For physicians who are part of Atrius Health, obtaining information about patients is often as easy as pushing a button — literally.
The Massachusetts-based nonprofit alliance, which oversees six community-based medical groups and a home health and hospice agency, implemented a "Web portal button" a few years ago. Physicians who use it have nearly instant access to another participating practice's EHR, says Michael Lee, Atrius Health's director of clinical informatics and a practicing pediatrician at Dedham Medical Associates, an Atrius Health affiliate.
"That was so popular with clinicians and patients that we have now enabled that with nine hospitals in the greater Boston area, so Atrius physicians can click a button and see our patients' records," says Lee, whose organization, which includes 1,138 physicians within 58 practices, is one of CMS' 32 Pioneer accountable care organizations (ACOs). "Having this interoperable network in place helps physicians intervene more quickly, with better information, so you can make changes to change the outcome." Now physicians in three affiliated hospitals can use the same technology in the opposite direction to view Atrius' information when Atrius patients are hospitalized, he adds.
Atrius Health's push-button EHR access is one example of interoperability — a term that denotes the ability of two differing sets of technology to communicate the same language over a health information exchange (HIE). But achieving even this small level of interoperability, which is part of a bigger strategy to connect health organizations and exchange data more easily, is an ongoing and laborious effort. Here's a look at the state of interoperability and EHRs across the country, and what this means to your practice.
State of EHR interoperability
As practices seek to rein in costs and improve patient care, sharing standardized data is critical.
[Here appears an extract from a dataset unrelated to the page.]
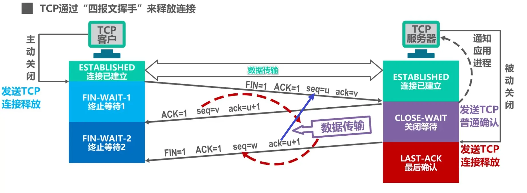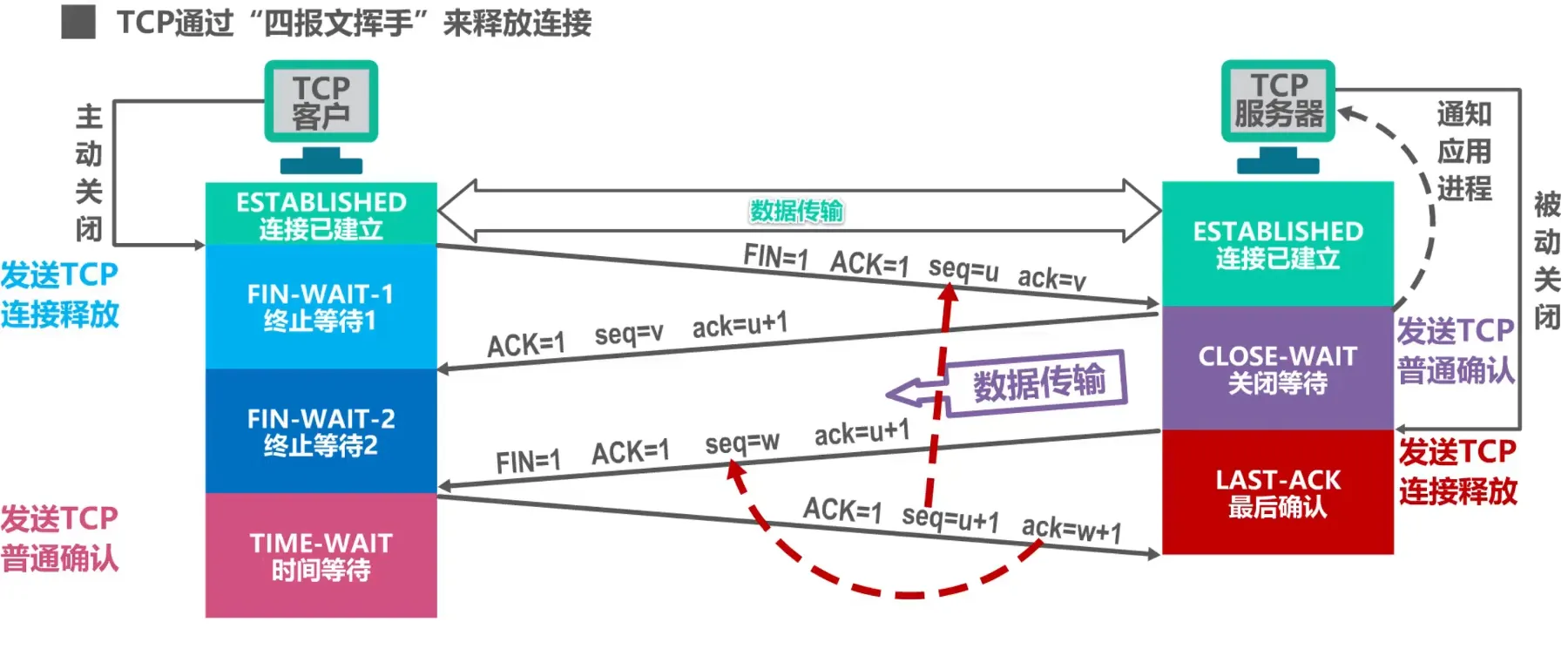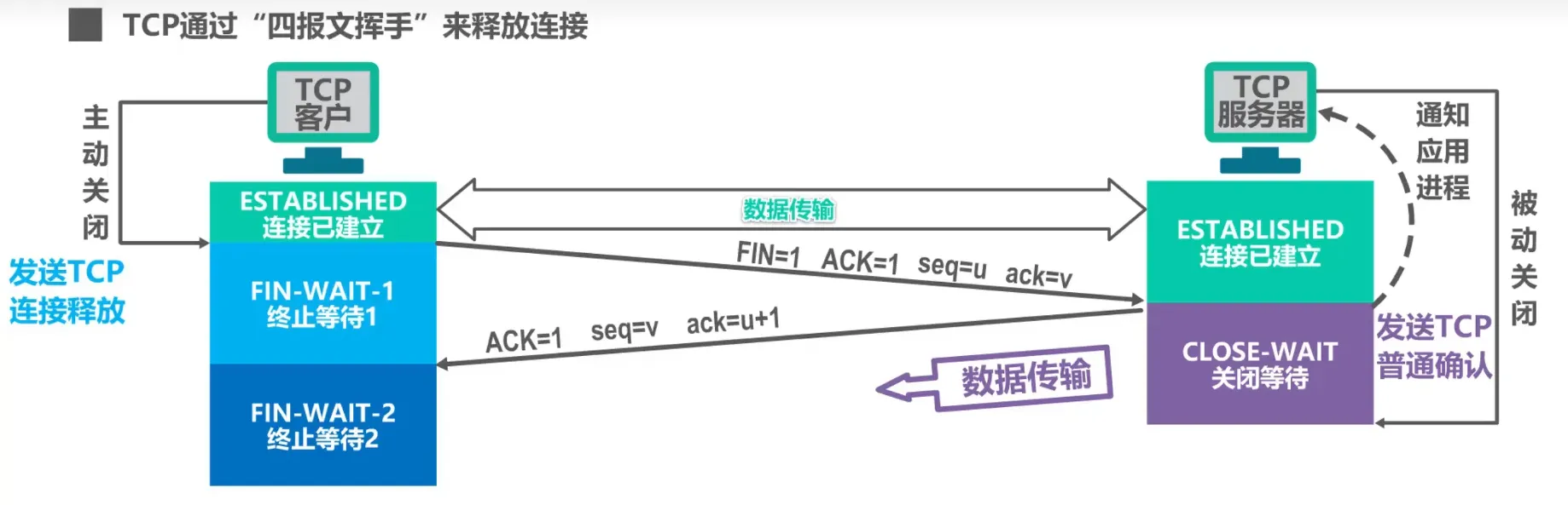 数据传输结束后,tcp通信双方都可以释放连接,现在tcp客户进程和tcp服务器进程都处于连接已建立状态

But while proprietary networks such as Atrius Health's allow for interoperability, there is still no national, universal standard by which all certified EHRs can easily communicate.
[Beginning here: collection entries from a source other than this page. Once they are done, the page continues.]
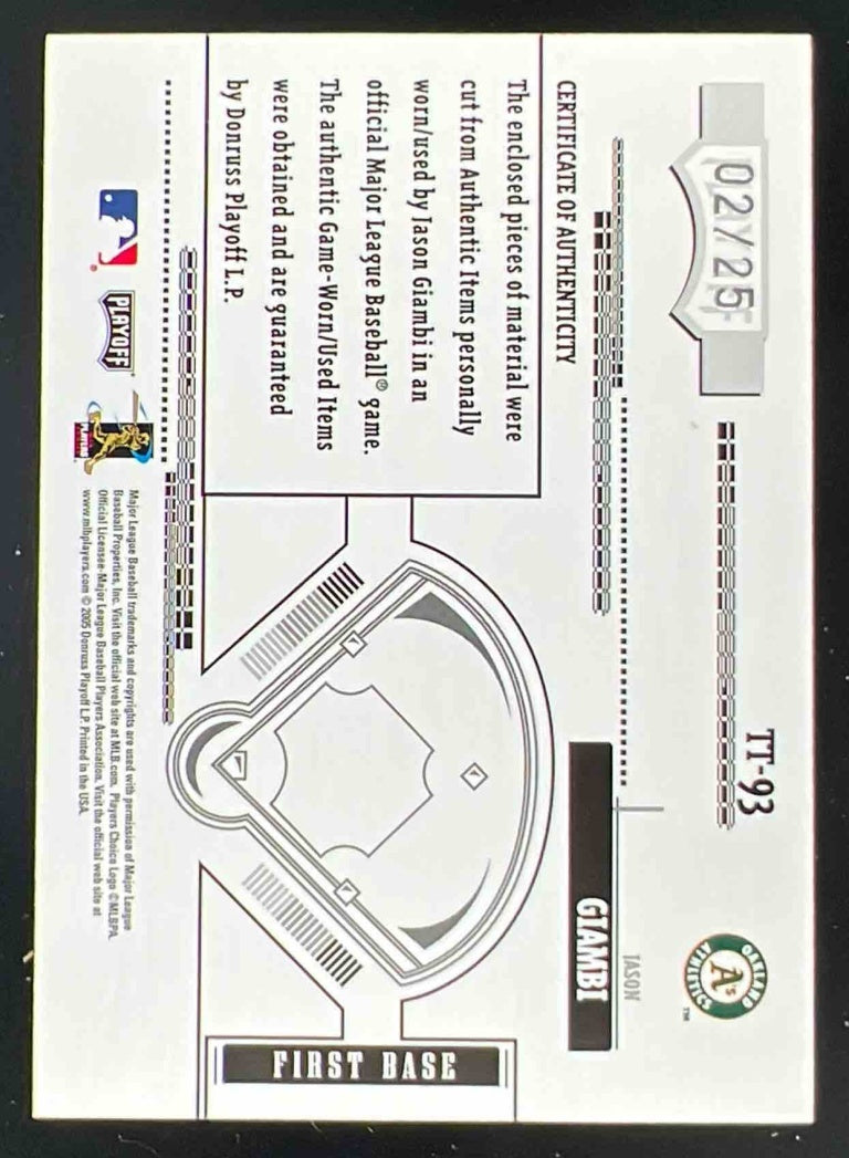 2005 Absolute Memorabilia Tools of the Trade Swatch Triple #93 Jason Giambi /25
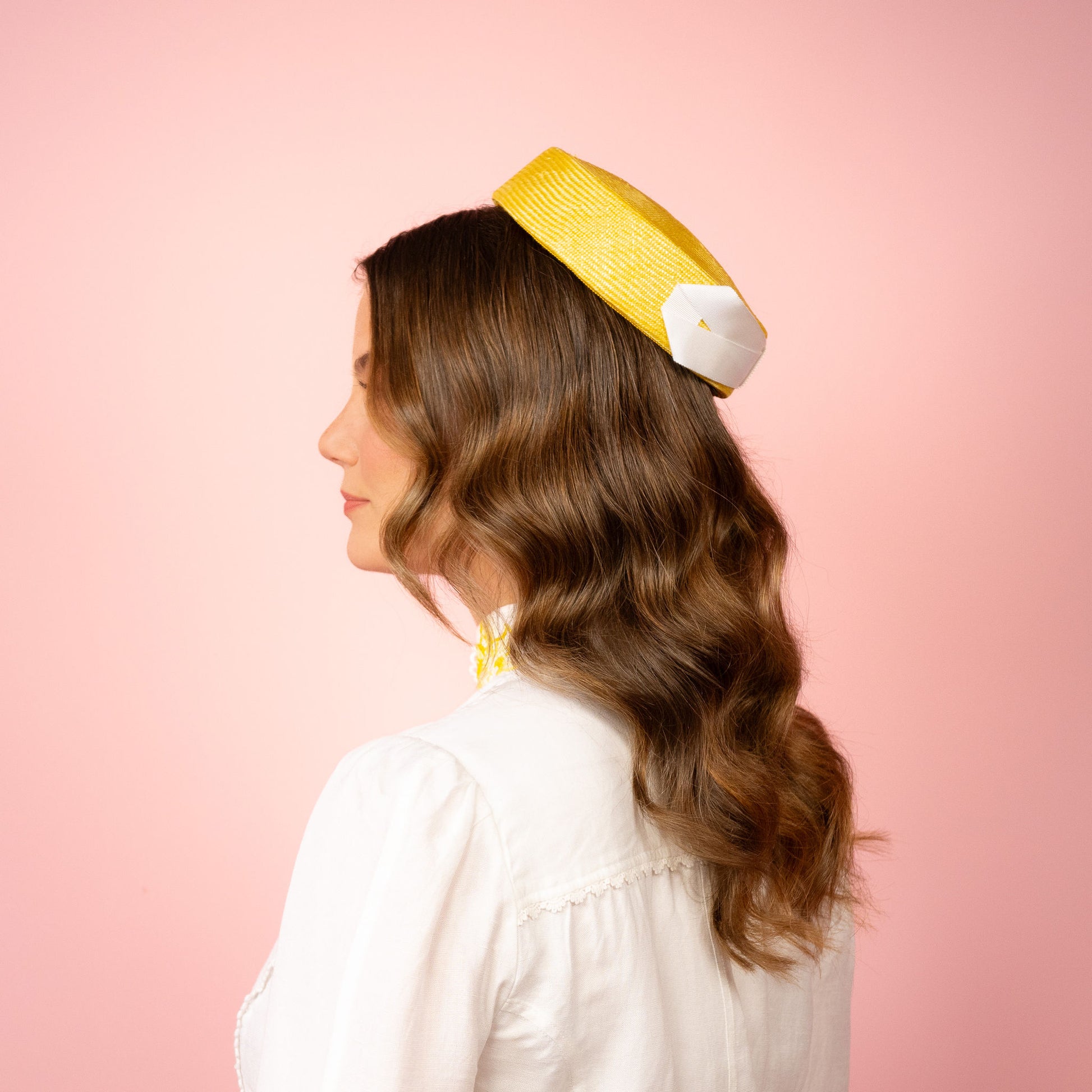 Peggy is a pillbox in yellow straw with white petersham infinity bow. This piece is secured with comb and elastic loops .
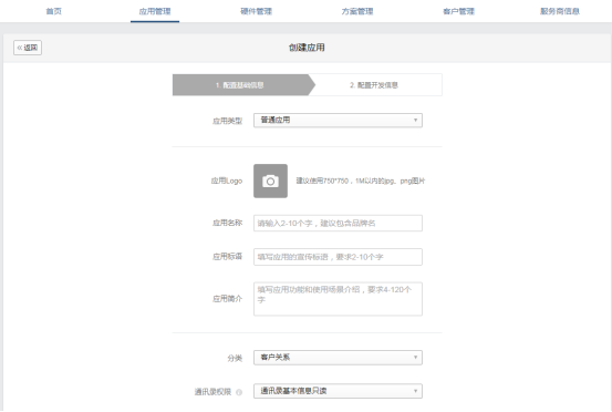 第四步,创建应用,依次填写配置信息,信息后续可以再次修改,不知道怎么填可以先随便填一个,应用上线前服务商必须认证。
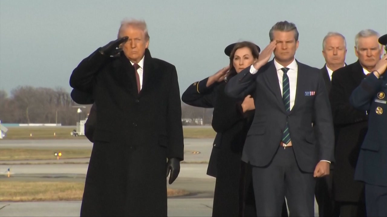 전사한 병사들의 운구식에 거수 경례로 애도한 트럼프 미 대통령은 정당한 보복을 강조했습니다.
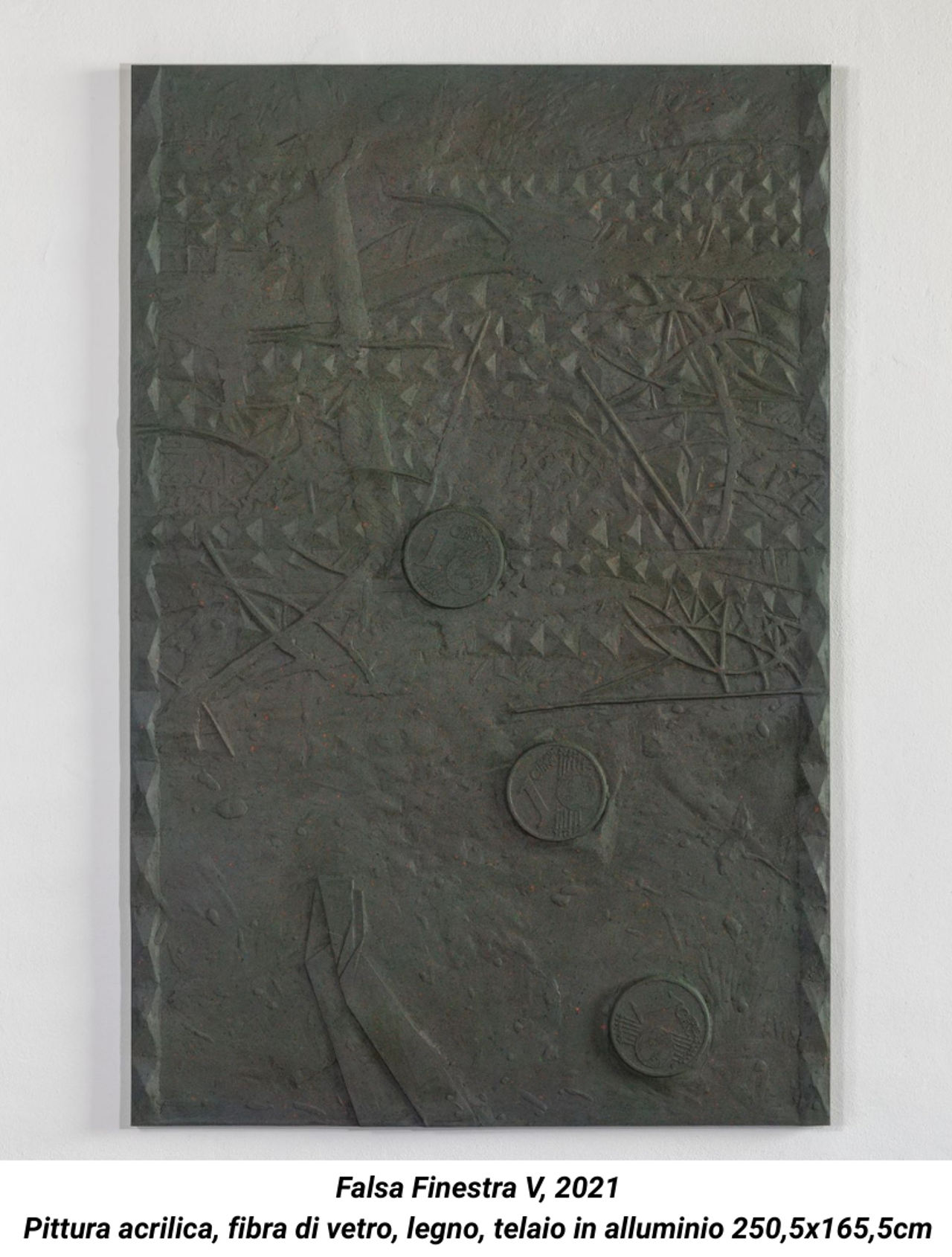 Elementi di questa indagine emergono nella serie di bassorilievi, realizzati attraverso una meticolosa tecnica con vernice acrilica, resina, fibra di vetro. Recuperando una tecnica scultorea antichissima, che dalle antiche civiltà mesopotamiche al Medioevo e al Rinascimento europei coniuga scultura e pittura, Gabellone indaga la dialettica tra la bidimensionalità della prima e la tridimensionalità della seconda, tra figurazione e astrazione, tra rappresentazione e ornamento. Si tratta di opere molto rappresentative della pratica dell’artista perché racchiudono molti aspetti chiave del suo lavoro, come l’attitudine a lavorare al confine tra linguaggi diversi, la riflessione sul rapporto tra astrazione e figurazione, la dialettica tra volume, immagine e percezione. Le forme del bassorilievo e dell'altorilievo, tra l’altro, non sono nuove nella produzione dell’artista, che già le aveva adottate nell’ opera esposta alla 50° Esposizione Internazionale di Venezia nel 2003. Il titolo Falsa Finestra, si riferisce al rapporto interno-esterno che la finestra implica ma allo stesso tempo ne sottolinea la natura artificiale: non si può realmente "guardare attraverso" queste finestre, e al contrario della “finestra aperta sul mondo” della pittura rinascimentale, non hanno niente a che fare con la verosimiglianza. Al contrario, la figurazione sembra addirittura scomparire negli abissi del colore e quello che rimane è una certa idea di paesaggio, che si delinea attraverso una serie di elementi che sembrano affiorare e affondare nella densa struttura della materia. È solo avvicinandoci che “entriamo” in questi paesaggi, riuscendo a percepire una serie di elementi invisibili a distanza, e come in un paesaggio il colore dominante è formato da una innumerevole serie di altri elementi colorati, guardando da vicino le opere di Gabellone scopriamo che il colore d’insieme è la somma di una molteplice combinazione di punti cromatici. Anche le forme che si intravvedono sembrano generarsi attraverso un meccanismo simile, affiorano da una serie di cancellature e riformulazioni e sembrano implicitamente nasconderne altre. Gabellone trova nel bassorilievo il luogo in cui si fondono astrazione e figurazione, decorazione e narrazione, pittura, scultura, e architettura, e i suoi lavori si inseriscono così in un discorso più ampio sulla simulazione e sulla rappresentazione dello spazio nell’arte contemporanea.

Last year, CMS placed more stringent technology specification requirements for certified EHRs when it unveiled the requirements for the second stage of meaningful use. Now, vendors must include a Continuity of Care Document (CCD), a specification based on the HL7 language, in their upgraded EHRs. However, there is still enough room for variation in EHRs to make data within one EHR unreadable to another EHR.
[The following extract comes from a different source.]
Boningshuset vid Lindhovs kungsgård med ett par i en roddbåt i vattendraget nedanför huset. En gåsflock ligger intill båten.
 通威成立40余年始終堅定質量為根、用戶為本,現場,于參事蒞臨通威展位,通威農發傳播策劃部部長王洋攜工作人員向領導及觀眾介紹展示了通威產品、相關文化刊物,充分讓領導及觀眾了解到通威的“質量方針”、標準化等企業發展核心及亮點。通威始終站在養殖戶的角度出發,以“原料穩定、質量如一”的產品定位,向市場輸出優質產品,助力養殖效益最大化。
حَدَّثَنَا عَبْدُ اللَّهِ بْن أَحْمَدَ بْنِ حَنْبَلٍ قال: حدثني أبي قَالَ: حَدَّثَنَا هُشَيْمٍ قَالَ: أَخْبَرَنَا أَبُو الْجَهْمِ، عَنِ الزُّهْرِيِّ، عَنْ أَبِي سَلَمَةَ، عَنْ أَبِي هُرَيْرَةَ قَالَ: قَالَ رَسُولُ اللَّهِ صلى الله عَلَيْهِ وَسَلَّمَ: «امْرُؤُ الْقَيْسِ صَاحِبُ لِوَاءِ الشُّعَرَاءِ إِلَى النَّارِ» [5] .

"A CCD … is a standard for the 'fields' within an EHR, such as the data, such as lab requirements," says Dave Caldwell, executive vice president of Certify, a subsidiary of Humana that makes technology to connect two systems that are not natively interoperable, so that they may work in an interoperable manner. "The CCD itself has little to do with how data is communicated across two different systems. Let's say a physician goes into his EHR, and close[s] out a patient encounter. His EHR then generates a CCD and puts it into a standard data structure. But getting that CCD from his EHR system to an emergency room doctor who sees the patient the next week, is a different story."
Caldwell notes, however, that progress is being made as the healthcare industry adopts new standards for clinical data exchange known as the Integrating the Healthcare Enterprise (IHE) actors and profiles. These standards allow EHRs to understand the proper messaging protocols when serving up clinical information to a health information exchange.